* [Data shown]:

──────

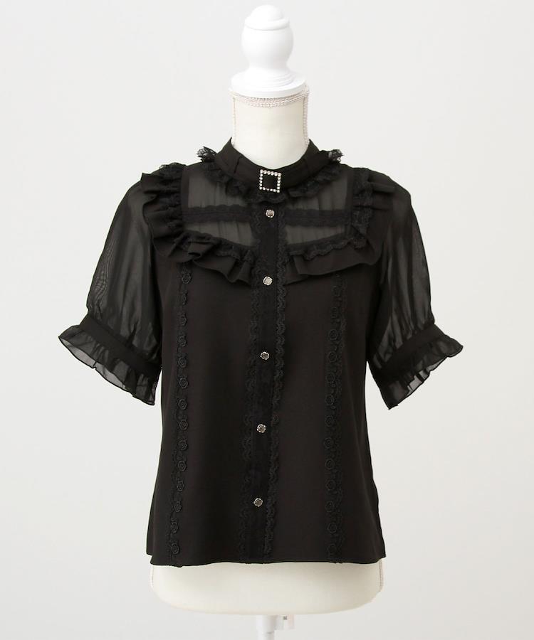 クロスレースが胸元に浮かぶ、儚くて可愛い、病みかわゴシックブラウス
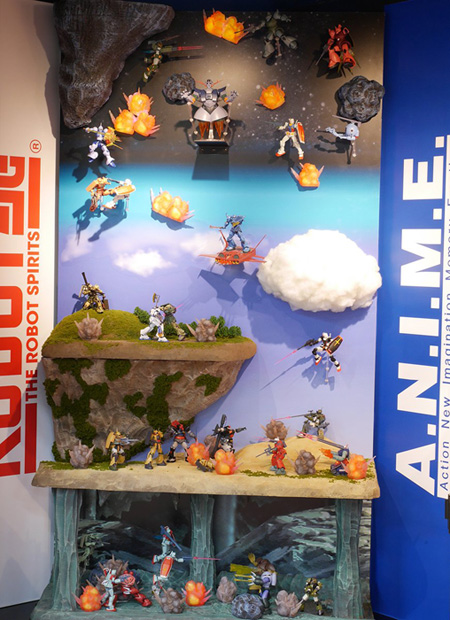 Mostre di incredibile diorama che fare pieno uso delle figure robot della serie di ROBOT TAMASHII sono esposti in attualmente in corso “80’s speciale Robot Exhibition”. Insieme con la prima rivelazione di “ROBOT TAMASHII ZEONG ver. A.N.Ho.MI.” come una fiera di riferimento, “TIPO di zona umida di ROBOT TAMASHII ZAKU II ver. A.N.Ho.M.E”, un preordine popolare corrente, “GYAN TAMASHII ROBOT ver. A.N.Ho.M.E”, programmato per essere rilasciato nei negozi di ogni genere e negozi on-line nel mese di agosto, e molto altro ancora sarà introdotti attraverso questa Mostra. Si tratta di display impressionante che ricreano le battaglie condotte in varie impostazioni, quindi sicuramente essere sicuri di fare una visita allo showroom.
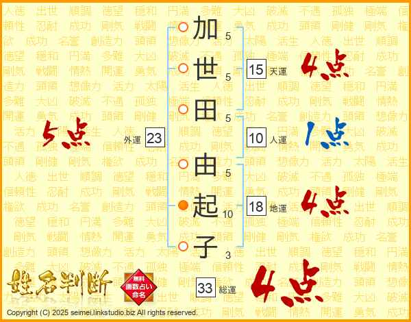 加(5画)世(5画)田(5画) 由(5画)起(10画)子(3画)
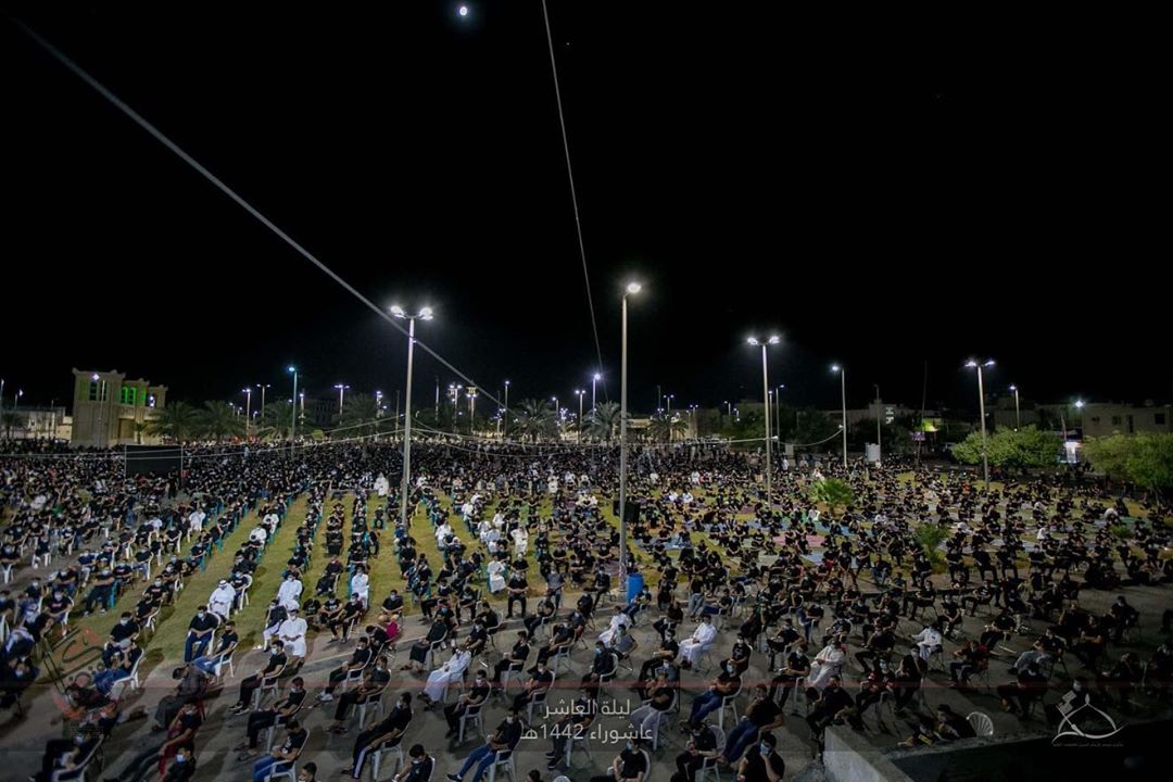 وشارك في مراسم الإحياء في القطيف مختلف أطياف مجتمعها وفئاته العمرية، واحتشد المعزون في شوارع وساحات العزاء الخارجية مراعين تدابير التباعد الاجتماعي، حيث انتشرت مواكب اللطم، فيما علت هتافات التلبية الحسينية في “ساحة القلعة”.

──────

* [Exercise details]: Write the listing out exactly, word for word, but omit the pictures.

* [Expected output]:
 クロスレースが胸元に浮かぶ、儚くて可愛い、病みかわゴシックブラウス
 Mostre di incredibile diorama che fare pieno uso delle figure robot della serie di ROBOT TAMASHII sono esposti in attualmente in corso “80’s speciale Robot Exhibition”. Insieme con la prima rivelazione di “ROBOT TAMASHII ZEONG ver. A.N.Ho.MI.” come una fiera di riferimento, “TIPO di zona umida di ROBOT TAMASHII ZAKU II ver. A.N.Ho.M.E”, un preordine popolare corrente, “GYAN TAMASHII ROBOT ver. A.N.Ho.M.E”, programmato per essere rilasciato nei negozi di ogni genere e negozi on-line nel mese di agosto, e molto altro ancora sarà introdotti attraverso questa Mostra. Si tratta di display impressionante che ricreano le battaglie condotte in varie impostazioni, quindi sicuramente essere sicuri di fare una visita allo showroom.
 加(5画)世(5画)田(5画) 由(5画)起(10画)子(3画)
 وشارك في مراسم الإحياء في القطيف مختلف أطياف مجتمعها وفئاته العمرية، واحتشد المعزون في شوارع وساحات العزاء الخارجية مراعين تدابير التباعد الاجتماعي، حيث انتشرت مواكب اللطم، فيما علت هتافات التلبية الحسينية في “ساحة القلعة”.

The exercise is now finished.